EXERCISE DESCRIPTION
Your task is to restate word for word the lines in the material below, from the one with "ระบบ SCADA (Supervisory" up to and including the one with "Ahojte, tak odber". Do not carry over the pictures.

RECORDS SHOWN
▬▬▬▬▬▬▬▬▬▬
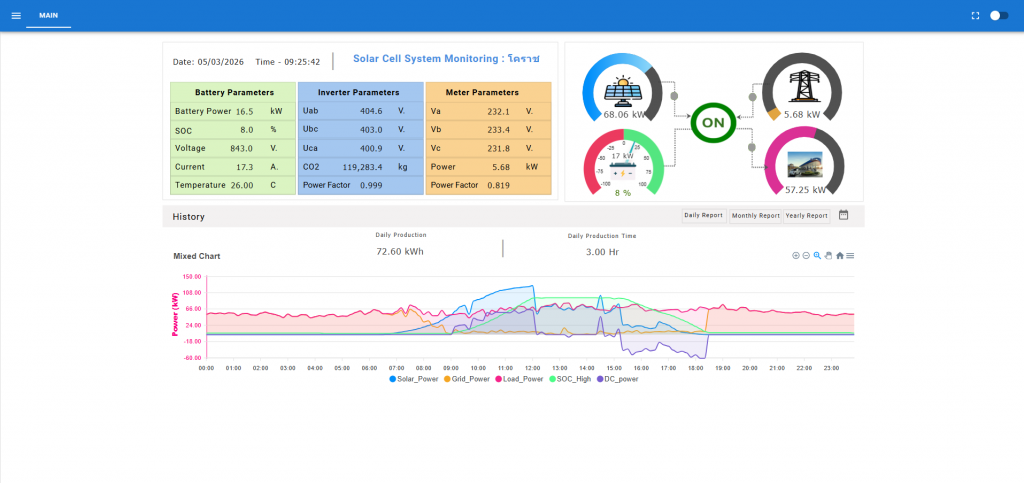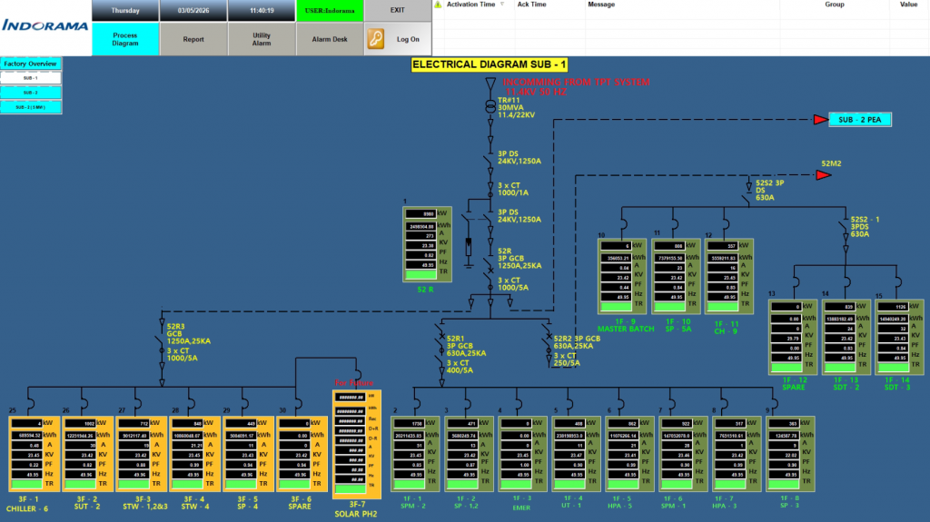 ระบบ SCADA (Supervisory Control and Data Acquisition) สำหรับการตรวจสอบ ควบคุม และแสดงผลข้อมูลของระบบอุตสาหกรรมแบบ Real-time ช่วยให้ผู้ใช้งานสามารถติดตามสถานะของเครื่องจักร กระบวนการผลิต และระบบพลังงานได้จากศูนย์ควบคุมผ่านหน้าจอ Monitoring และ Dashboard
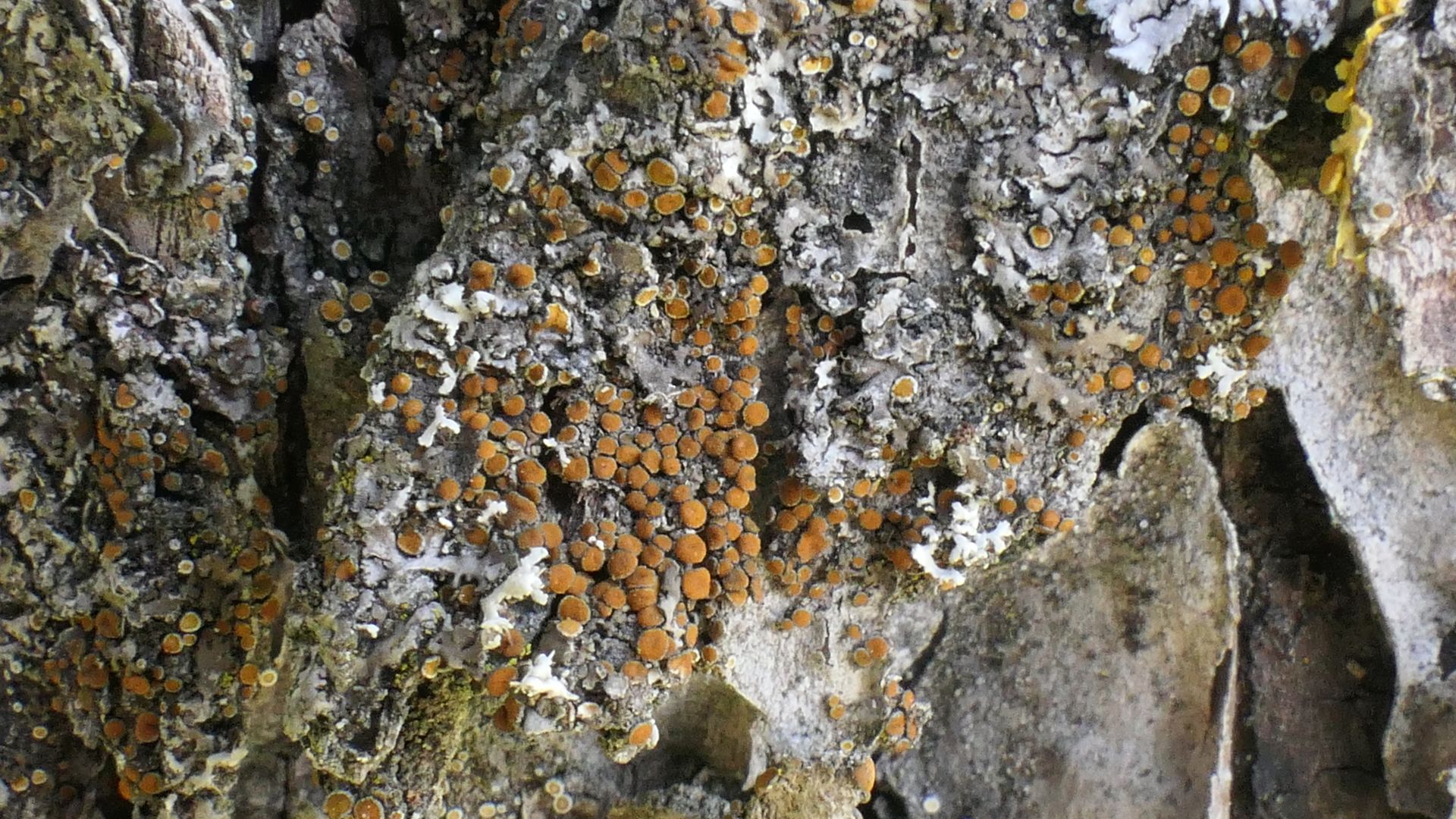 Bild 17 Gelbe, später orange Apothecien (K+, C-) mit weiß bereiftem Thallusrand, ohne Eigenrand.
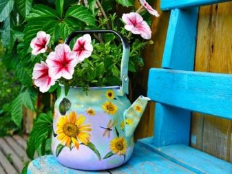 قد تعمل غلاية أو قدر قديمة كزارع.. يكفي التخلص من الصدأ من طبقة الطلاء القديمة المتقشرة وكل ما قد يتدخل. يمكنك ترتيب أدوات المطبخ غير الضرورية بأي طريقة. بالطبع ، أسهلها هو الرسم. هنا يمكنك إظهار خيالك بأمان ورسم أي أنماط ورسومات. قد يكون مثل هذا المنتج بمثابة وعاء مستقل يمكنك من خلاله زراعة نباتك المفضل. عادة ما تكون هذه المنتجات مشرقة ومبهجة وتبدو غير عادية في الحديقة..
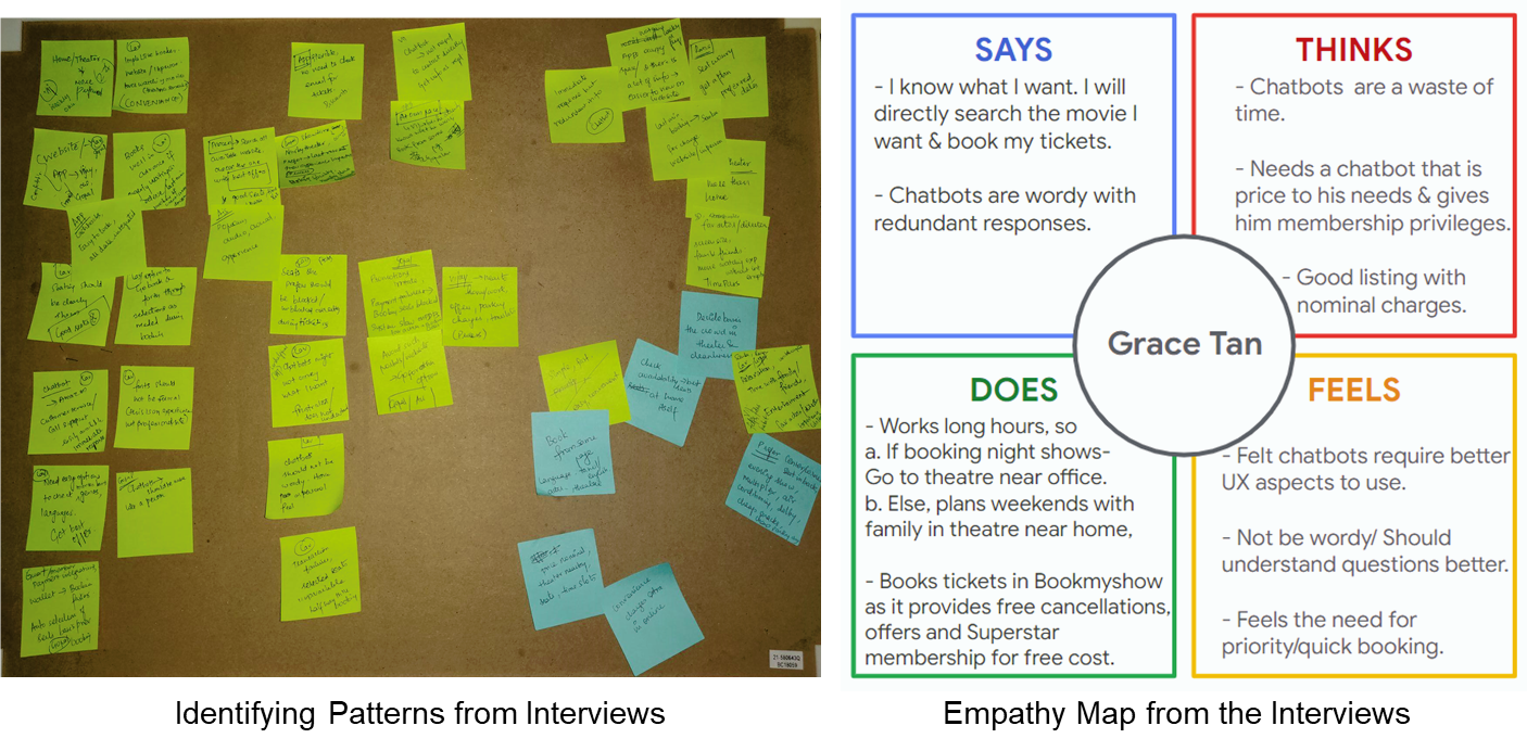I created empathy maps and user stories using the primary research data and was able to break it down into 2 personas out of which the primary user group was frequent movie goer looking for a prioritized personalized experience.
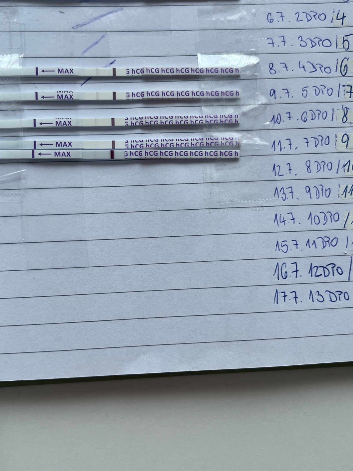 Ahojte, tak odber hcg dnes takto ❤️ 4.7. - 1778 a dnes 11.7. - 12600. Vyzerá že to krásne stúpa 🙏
▬▬▬▬▬▬▬▬▬▬
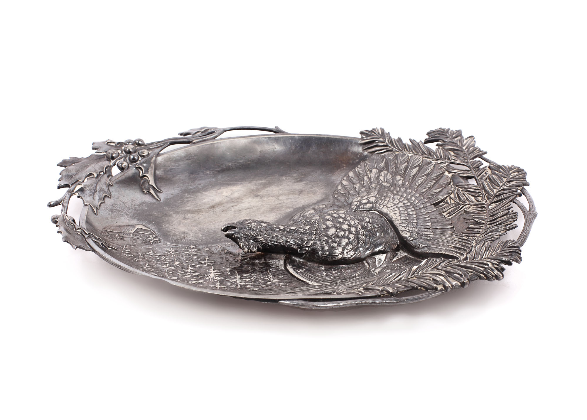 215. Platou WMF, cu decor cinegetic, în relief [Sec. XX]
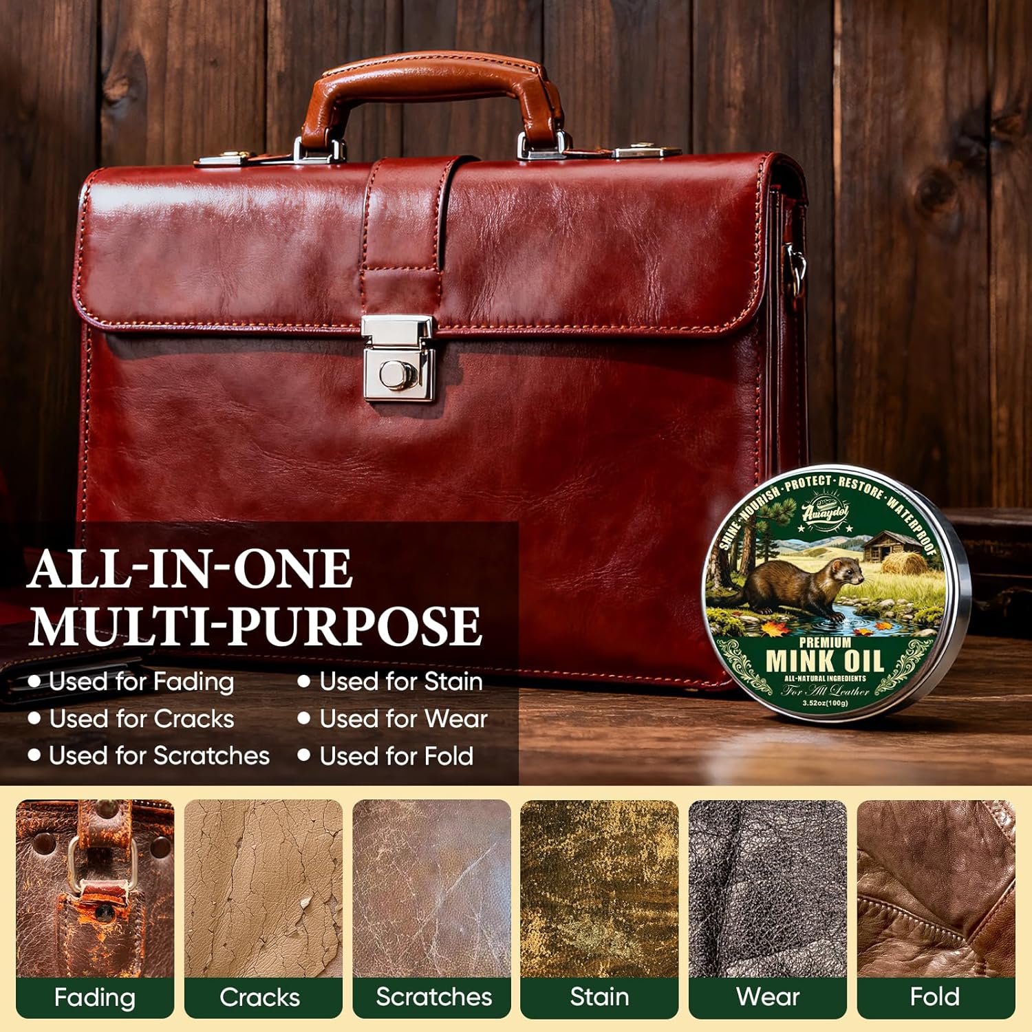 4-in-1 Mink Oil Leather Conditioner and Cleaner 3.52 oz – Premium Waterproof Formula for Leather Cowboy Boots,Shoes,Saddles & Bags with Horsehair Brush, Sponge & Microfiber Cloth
▬▬▬▬▬▬▬▬▬▬
SOLUTION BELOW
 ระบบ SCADA (Supervisory Control and Data Acquisition) สำหรับการตรวจสอบ ควบคุม และแสดงผลข้อมูลของระบบอุตสาหกรรมแบบ Real-time ช่วยให้ผู้ใช้งานสามารถติดตามสถานะของเครื่องจักร กระบวนการผลิต และระบบพลังงานได้จากศูนย์ควบคุมผ่านหน้าจอ Monitoring และ Dashboard
 Bild 17 Gelbe, später orange Apothecien (K+, C-) mit weiß bereiftem Thallusrand, ohne Eigenrand.
 قد تعمل غلاية أو قدر قديمة كزارع.. يكفي التخلص من الصدأ من طبقة الطلاء القديمة المتقشرة وكل ما قد يتدخل. يمكنك ترتيب أدوات المطبخ غير الضرورية بأي طريقة. بالطبع ، أسهلها هو الرسم. هنا يمكنك إظهار خيالك بأمان ورسم أي أنماط ورسومات. قد يكون مثل هذا المنتج بمثابة وعاء مستقل يمكنك من خلاله زراعة نباتك المفضل. عادة ما تكون هذه المنتجات مشرقة ومبهجة وتبدو غير عادية في الحديقة..
I created empathy maps and user stories using the primary research data and was able to break it down into 2 personas out of which the primary user group was frequent movie goer looking for a prioritized personalized experience.
 Ahojte, tak odber hcg dnes takto ❤️ 4.7. - 1778 a dnes 11.7. - 12600. Vyzerá že to krásne stúpa 🙏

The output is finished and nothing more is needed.